• Data excerpt
"""

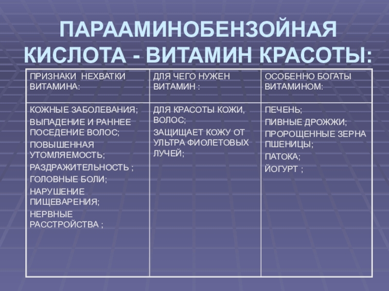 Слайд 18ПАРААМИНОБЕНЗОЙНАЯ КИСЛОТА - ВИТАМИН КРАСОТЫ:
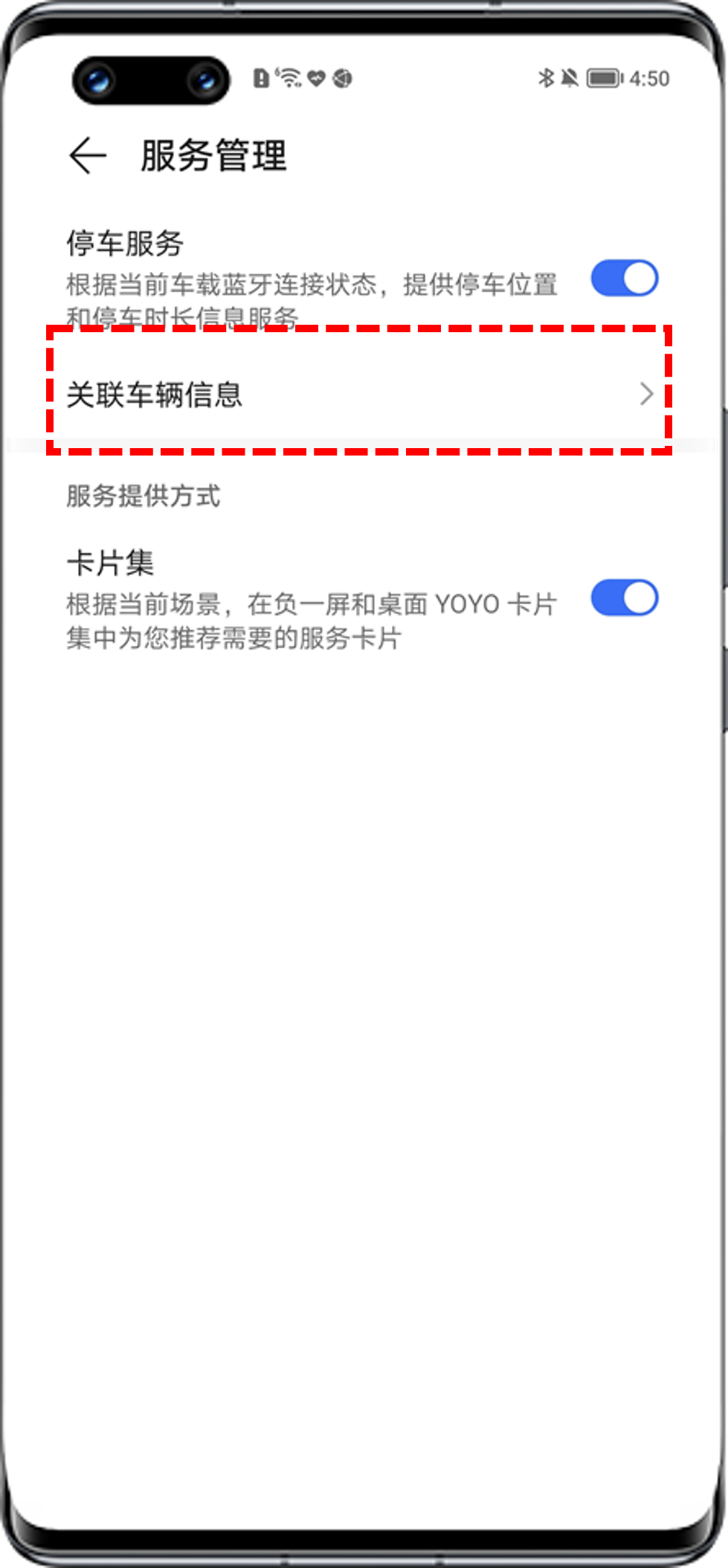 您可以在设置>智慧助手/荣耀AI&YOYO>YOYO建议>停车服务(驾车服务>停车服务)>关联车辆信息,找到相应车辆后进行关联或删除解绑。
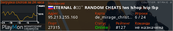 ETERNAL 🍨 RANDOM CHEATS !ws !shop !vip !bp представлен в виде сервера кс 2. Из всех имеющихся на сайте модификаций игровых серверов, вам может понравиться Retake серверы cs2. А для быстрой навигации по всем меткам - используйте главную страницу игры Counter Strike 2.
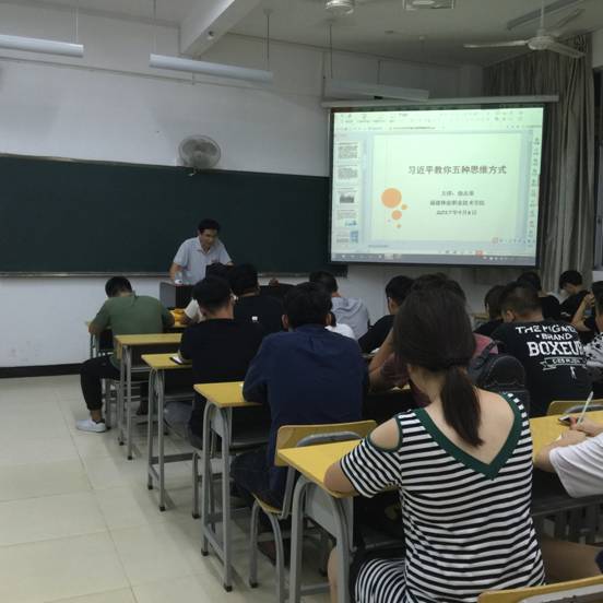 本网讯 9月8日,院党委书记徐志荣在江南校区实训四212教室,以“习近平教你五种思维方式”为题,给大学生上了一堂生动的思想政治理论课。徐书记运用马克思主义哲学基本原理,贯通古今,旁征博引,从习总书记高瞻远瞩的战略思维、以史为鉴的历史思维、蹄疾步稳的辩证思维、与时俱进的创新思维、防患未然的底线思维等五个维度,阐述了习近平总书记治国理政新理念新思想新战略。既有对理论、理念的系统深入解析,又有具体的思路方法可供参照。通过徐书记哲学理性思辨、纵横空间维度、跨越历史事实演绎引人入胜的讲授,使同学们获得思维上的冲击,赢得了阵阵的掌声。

"""

• Exercise prompt
Retype all of the listing word for word and skip the pictures.

• Solution for this problem
 Слайд 18ПАРААМИНОБЕНЗОЙНАЯ КИСЛОТА - ВИТАМИН КРАСОТЫ:
 您可以在设置>智慧助手/荣耀AI&YOYO>YOYO建议>停车服务(驾车服务>停车服务)>关联车辆信息,找到相应车辆后进行关联或删除解绑。
 ETERNAL 🍨 RANDOM CHEATS !ws !shop !vip !bp представлен в виде сервера кс 2. Из всех имеющихся на сайте модификаций игровых серверов, вам может понравиться Retake серверы cs2. А для быстрой навигации по всем меткам - используйте главную страницу игры Counter Strike 2.
 本网讯 9月8日,院党委书记徐志荣在江南校区实训四212教室,以“习近平教你五种思维方式”为题,给大学生上了一堂生动的思想政治理论课。徐书记运用马克思主义哲学基本原理,贯通古今,旁征博引,从习总书记高瞻远瞩的战略思维、以史为鉴的历史思维、蹄疾步稳的辩证思维、与时俱进的创新思维、防患未然的底线思维等五个维度,阐述了习近平总书记治国理政新理念新思想新战略。既有对理论、理念的系统深入解析,又有具体的思路方法可供参照。通过徐书记哲学理性思辨、纵横空间维度、跨越历史事实演绎引人入胜的讲授,使同学们获得思维上的冲击,赢得了阵阵的掌声。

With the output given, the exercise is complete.